I'd learned to pay for the cheapest ticket and settle the difference at the add fare machine instead of trying to figure it out in advance, since I kept getting off early or switching over to another train provider early or late. At the Hakone staton, Chukoku no mori, this slightly backfired as there was no add fare machine and it was open access. It was alarming, feeling too stupid for the honor system. The hakone outdoor museum was stellar. Usually I like to find unusual angles for photos but this setting was so balanced and lovely that anywhere you pointed the camera would be lovely.

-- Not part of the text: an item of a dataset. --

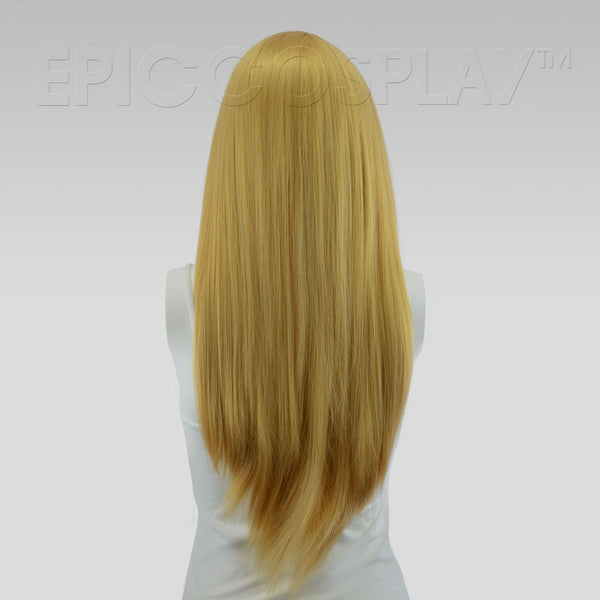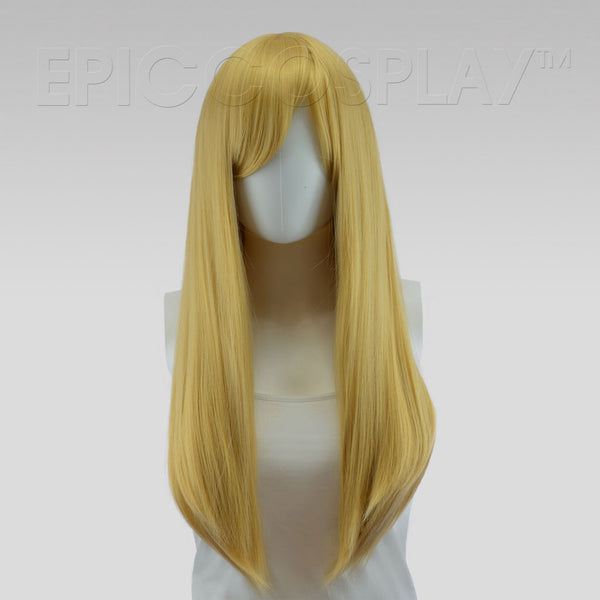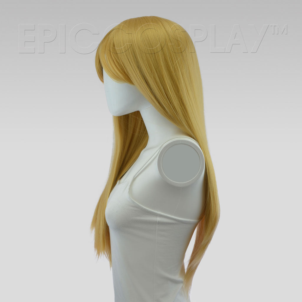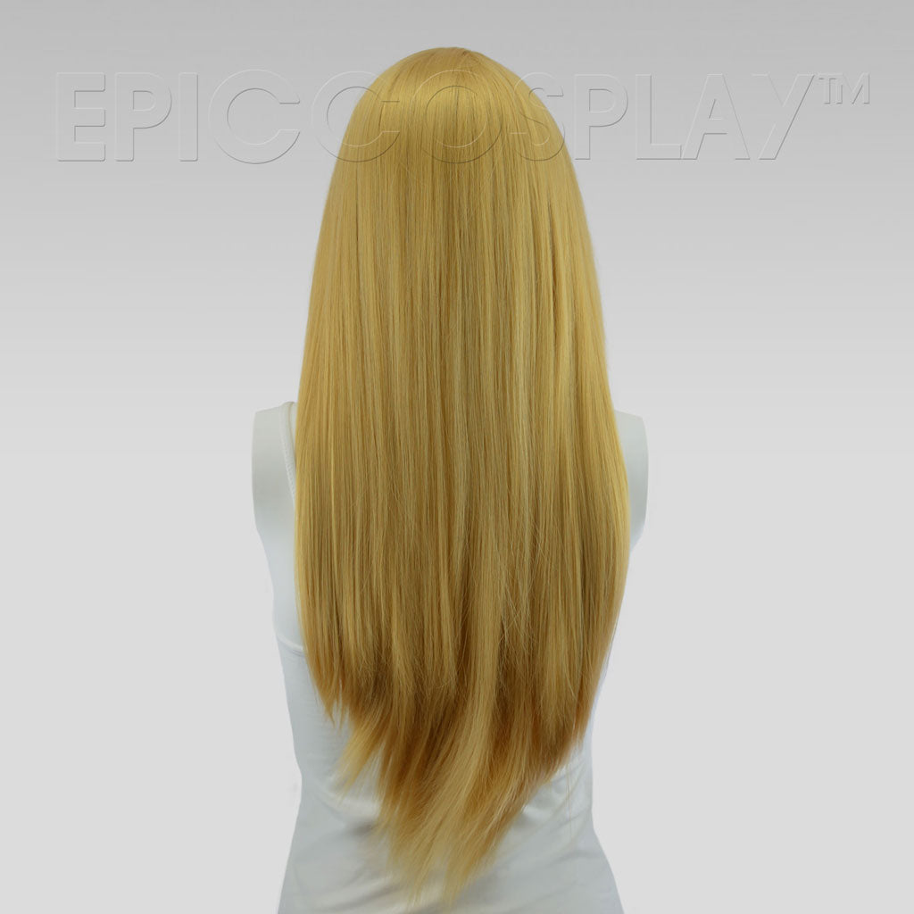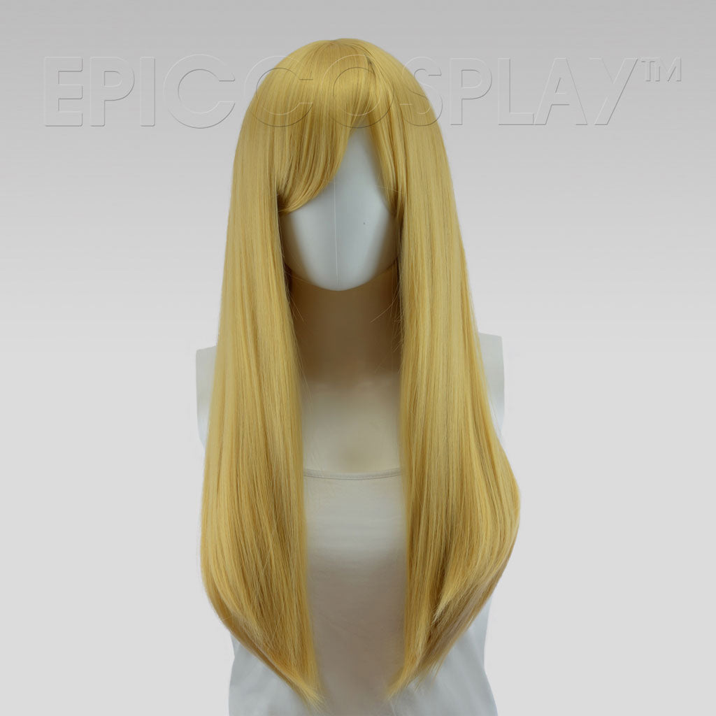 Nyx Caramel Blonde Long Straight Wig This wig is a Caramel Blonde long straight wig perfect for cosplay, costuming, and even casual daily wear. As one of our most versatile styles, you're free to cut it, curl it or style it in any way that suits your needs. This Caramel Blonde long straight wig reaches a total length of 28 inches and comes with 6 inch bangs that can be simply swept to the side, trimmed, or styled in any way otherwise. A unique skintop at the hairline of this wig offers a natural and realistic looking part that can be changed with heat or left as is. Our wigs are made of tangle resistant fibers that make maintenance and care an easy, hassle free job. The fibers in this Caramel Blonde long straight wig are also heat resistant and capable of withstanding temperatures up to 410 degrees Fahrenheit (though we suggest keeping the temperature around 350F, as long term exposure to heat can potentially change the texture of the fiber). This means you can safely use heated tools such as flat irons, curling irons, and blow dryers to style this wig however you'd like. An adjustable, breathable wig cap makes this Caramel Blonde long straight wig comfortable to wear by anyone regardless of head shape and size for all day use.

For example, this irrigation.
This was the jewel of everything, 6 or so stories of a double spiral staircase (one staircase for up, one for down) inside a stained glass window. I took hundreds of photos in here; it was an incredible space.
Here I am at the top.
The Hakone Open Air Museum had a long foot bath next to the cafe. It wasn't very hot, but I was charmed by the regularly spaced shoehorns. Honestly I should get one so I can step into my shoes instead of jamming my feet in and then unfolding the squashed down back.
This was for washcloths to go with the foot bath. As far as I know, I used the honor system just fine in this instance.
This was my favorite part of my trip. It was so restorative. There are all sorts of things I would still like to see, like the lake and the glass forest.